Despite repeated efforts to contact the closed country through multiple means regarding Private Travis King, the U.S. has not received any response and does not even know if its messages are penetrating to the closed North Korean government, Pentagon deputy press secretary Sabrina Singh said at a briefing. King was supposed to fly from South Korea back to his home station in the U.S. for disciplinary action when he slipped out of the airport, joined a tour group visiting the highly securitized North-South border and dashed across the border.

“We want to bring him home. We don’t know his condition, we don’t know where he is, we don’t know the status of his health,” Singh told reporters, avoiding directly answering a question of whether the U.S. had assessed King was still alive.

“We have not heard any communication or correspondence from the North Koreans on this incident,” she said, adding that the U.S. is doing everything possible to retrieve King. (RELATED: North Korea Declares Itself ‘Biggest Victim’ In Otto Warmbier’s Death)

Witnesses on the tour saw King ushered into a van by North Korean guards and driven away, CNN reported, citing U.S. officials. However, there is a blank space in the story during the interim period between when King apparently left the airport and joined the tour group, according to Singh.

The Army’s counterintelligence division is leading an investigation into the incident along with U.S. Forces Korea, Singh said. At the time of the remarks, the U.S. had no indication King defected to North Korea or that his custody with DPRK authorities presented an intelligence liability to the U.S.

“That’s not our assessment,” Singh said, referring to King’s potential characterization as a defector. “That is something the investigation will certainly look into.”

Multiple U.S. government agencies are involved in the effort to make contact with North Korean authorities using sensitive communication methods, she said.

“It’s hard to say” whether the Department of Defense’s outreach is even being received by North Korea, “but we’ve also never had engagement with the North Koreans,” Singh said. “It’s not unexpected.”

The U.S. does not have official diplomatic relations with the Democratic People’s Republic of Korea.

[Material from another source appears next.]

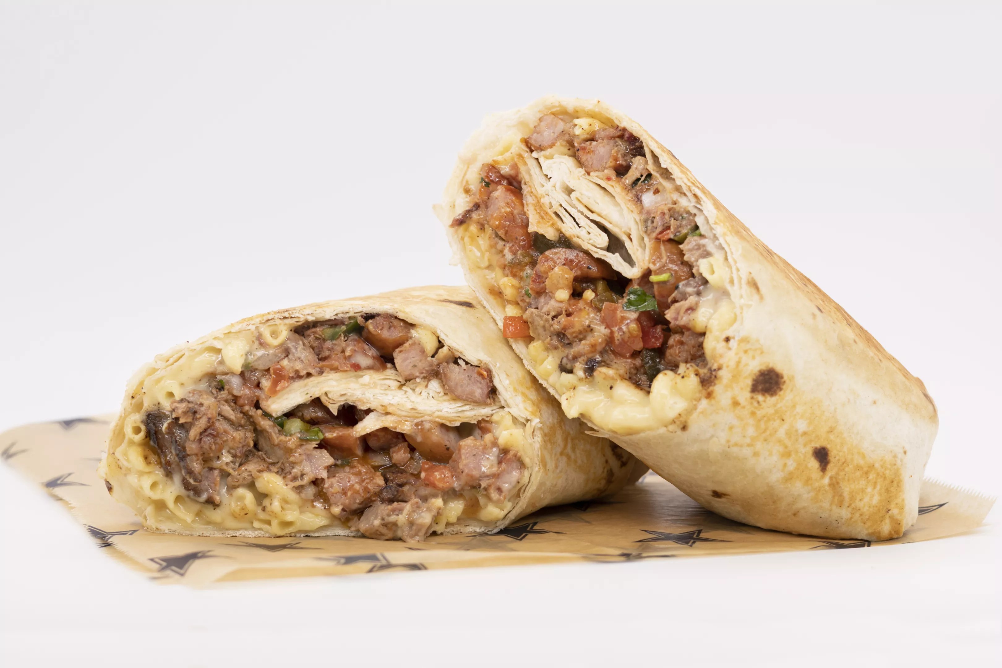 The Cowboy’s notorious mac and cheese is loaded into a burrito with brisket, jalapeño pepper jack sausage and pico de Gallo, which is all stuffed inside a large tortilla. (Photo at top.)

Sweden, which often represents the U.S. in dealings with North Korea, is assisting the U.S. in the effort, White House Press Secretary Karine Jean-Pierre said Wednesday, according to CNN.

Defense Secretary Lloyd Austin said King “willfully and without authorization” entered North Korea.

An Army spokesperson late Wednesday confirmed King is a cavalry scout who was on rotation in South Korea assigned to 6th Squadron, 1st Cavalry Regiment but administratively attached to 1st Battalion, 12th Infantry Regiment.

He had just emerged from a detention facility in South Korea, where he served 50 days of hard labor related to three incidents of assault that occurred between September and October 2022, The Messenger reported.